Mixed Signals on Local Papers

The Cairncross Review into the future of the UK news industry was published this morning. While I haven’t yet had the opportunity to look at it in detail (it runs to 157 pages!), there are some interesting recommendations, including greater regulation of social media platforms and the creation of an Institute for Public Interest News.

The report comes in a week which has produced good and bad news for those of us who have an interest in local newspapers. On the negative side, a survey carried out by Press Gazette has found that 43 local newspapers in the UK closed in 2018. The survey also found that there were 275 editorial job losses, many of them down to restructuring and other problems at major publishing groups such as Johnston Press and Reach.

But for once it’s not all doom and gloom. Press Gazette also found that 29 new publications started publishing in 2018 and that around 50 new jobs were created. Only this week the Manchester Evening News printed a Sunday edition for the first time, clearly believing that there is a market for it.

When I began working in local government PR back in the 1980s local newspapers were thriving. Committee meetings always had at least a couple of reporters at the press table. In fact I remember one reporter who would spend his day hanging around the cafes and pubs which were frequented by Council officers and members in the expectation that he would always pick up a lead for a story.

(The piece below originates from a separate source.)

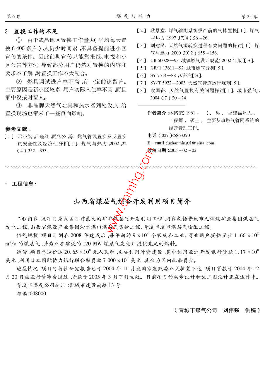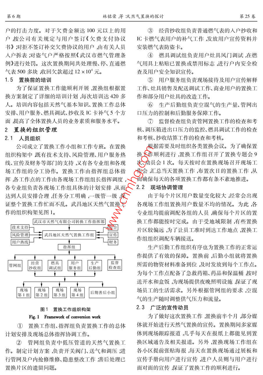 笫25卷第6期煤氣與熱力Vol 25 No 62005年6月gas heatJun.2005天然氣置換的探討林銘榮,傅占明,邵小蘭(武漢市天然氣有限公司,湖北武漢430022)摘要:以武昌地區(qū)為例從管網(wǎng)、燃具、燃?xì)獗淼确矫嫣接懥颂烊粴庵脫Q分析了置換過(guò)程的組織管理。關(guān)鍵詞:燃?xì)廪D(zhuǎn)換;天然氣置換;工程管理中圖分類號(hào):TU996文獻(xiàn)標(biāo)識(shí)碼:B文章編號(hào):1000-4416(200506-0049-04Discussion on Natural Gas ConversionLIN Ming-rong, FU Zhan-ming, SHAO Xiao-lan( Wuhan Natural Gas Co., Ltd., Wuhan 430022, ChinaAbstract: Taking Wuchang region for example the natural gas conversion in the aspects ofnetwork, gas appliances, gas meter etc. is discussed. The organization and management of the conver-sion process are analyzedKey words: gas conversion natural gas conversion; project management在燃?xì)廪D(zhuǎn)換過(guò)程中,置換是燃?xì)廪D(zhuǎn)換的重要環(huán)換現(xiàn)場(chǎng)條件非常惡劣。b.置換工作量大地域較廣,節(jié)=3。武昌地區(qū)約13×104戶LPG混空氣(以下用戶分散,作難度較大。c.廣大用戶一直認(rèn)為天簡(jiǎn)稱空混氣)用戶,于2004年12月29日開始天然然氣進(jìn)漢可直接使用安全意識(shí)較淡薄。氣置換工作歷時(shí)33d實(shí)際置換時(shí)間22d)置換工公司針對(duì)武昌地區(qū)的實(shí)際情況精心編制了置作全部順利完成。換方案并明確了置換工作的要求和目標(biāo),對(duì)工作人這次置換工作投入人力共9840人共置換空員進(jìn)行了合理的分工以保證置換工作規(guī)范有序地混氣用戶約13×10戶(其中使用普通燃?xì)獗淼木舆M(jìn)行民用戶約占56.3%使用C卡燃?xì)獗淼木用裼脩?.1氣源的互換性約占43%,商業(yè)用戶約占0.7%),置換高壓管道如表1所示武昌地區(qū)的空混氣和四川忠縣的186km、中壓管道308km、低壓管道312km、閥門天然氣2種氣源互換性的主要指標(biāo)—一華白數(shù)在燃976座、凝水缸1328座、調(diào)壓箱2580座。置換期氣置換的規(guī)定范圍內(nèi)←6]。另外公司還委托華中科間共調(diào)試燃具83930臺(tái)銷售燃具2510臺(tái)技大學(xué)對(duì)武昌地區(qū)空混氣燃具對(duì)四川忠縣天然氣的1置換方案適應(yīng)性進(jìn)行了課題研究實(shí)驗(yàn)室實(shí)驗(yàn)結(jié)果表明這2武昌地區(qū)天然氣置換工作是川氣進(jìn)漢后首次大種氣源可以互換。公司以此依據(jù)來(lái)制定武昌地區(qū)管規(guī)模的置換工作既存在有利條件也存在不利因素。網(wǎng)及燃具的置換方案。①有利條件。a.用戶基本都使用空混氣燃表12種氣源的主要特性具及相關(guān)設(shè)施一般不需改造管網(wǎng)供氣壓力也不需Tab. 1 Main properties of two gas sources進(jìn)行大的調(diào)整。b,天然氣價(jià)格比空混氣低,用戶易項(xiàng)目低熱值相對(duì)華白數(shù)M.密度(M,m-3)于接受。四川忠縣的天然氣33.490.5843.97②不利因素。a.冬季氣溫低雨雪天氣多,置武昌地區(qū)的空混氣50.461.3942:80第6期煤氣與熱力第25卷1.2管網(wǎng)系統(tǒng)的置換確保了置換方案的可操作性。①對(duì)于新建的天然氣高中壓管網(wǎng),主要采用1.3燃具的置換間接置換法即使用惰性氣體N2先將管內(nèi)的空氣置①民用燃具。這次置換公司一般只做燃具調(diào)換然后再輸入天然氣。試(略微調(diào)大灶具風(fēng)門)和新燃具的更換工作,而對(duì)②根據(jù)武昌地區(qū)管網(wǎng)分布的實(shí)際情況將中于需要更換配件或需要改造的燃具由用戶直接與低壓管網(wǎng)分成20個(gè)片區(qū)按每小片1天完成置換以廠家聯(lián)系改造公司負(fù)責(zé)監(jiān)督檢查。為了驗(yàn)證空混及每大片2天完成置換的計(jì)劃向前推進(jìn)。氣和天然氣的互換性置換前公司將不同品牌、不同③由于武昌地區(qū)的管道及附屬設(shè)施均是按空使用年限的空混氣灶具及部分改造灶具進(jìn)行了2次混氣進(jìn)行設(shè)計(jì)施工的埋地燃?xì)夤艿乐饕獮闊o(wú)縫鋼天然氣試燒試燒結(jié)果較好為灶具的調(diào)試工作提供管、螺旋縫鋼管和PE管,戶內(nèi)及室外管道主要為鍍了有力的保障。從這次置換調(diào)試的實(shí)際情況來(lái)看鋅鋼管。閥門主要為油密封旋塞閥、球閥和閘嵌入式灶及2000年以后生產(chǎn)的部分品牌灶在天然閥,調(diào)壓器為樓棟調(diào)壓箱或戶內(nèi)調(diào)壓器。經(jīng)分氣置換后能正常點(diǎn)火僅對(duì)風(fēng)門稍作調(diào)整就能達(dá)到析,上述管道及附屬設(shè)施能滿足天然氣的運(yùn)行要求。較好的燃燒效果對(duì)于2000年以前生產(chǎn)的灶具及部從近期的供氣能力看經(jīng)過(guò)理論計(jì)算不需要馬上進(jìn)分舊品牌灶,置換后也存在不能正常打火的現(xiàn)象其行管網(wǎng)升維持0.14MPa)因此在這次置換過(guò)主要原因是點(diǎn)火噴嘴孔徑過(guò)大等。程中按照實(shí)際情況采取了2種不同的置換方式。a.②商業(yè)用戶燃具。由天然氣公司提前與用戶前3片按置換方案先將管網(wǎng)降壓至0.03MPa再送聯(lián)系由用戶直接聯(lián)系其設(shè)備生產(chǎn)廠家或?qū)I(yè)廠家入天然氣。采取“氣頂氣”的置換方式將空混氣頂上門調(diào)試和改造。至管網(wǎng)末端放散在末端用可燃?xì)怏w檢漏儀測(cè)試合1.4燃?xì)獗淼闹脫Q格即為管網(wǎng)置換完成。b.從第4片開始,根據(jù)前3目前武昌地區(qū)居民用戶使用的燃?xì)獗頌镚1.6片置換用戶灶具

That hasn’t happened for many years. Those local papers which still exist do so on a shoestring budget and simply haven’t got enough staff to cover Council meetings. The result is that many highly contentious decisions simply go unreported. That obviously is not good for local democracy.

While I would like to think that there is certainly room for optimism, it’s sobering to remember that 245 newspapers in the UK have closed since 2005.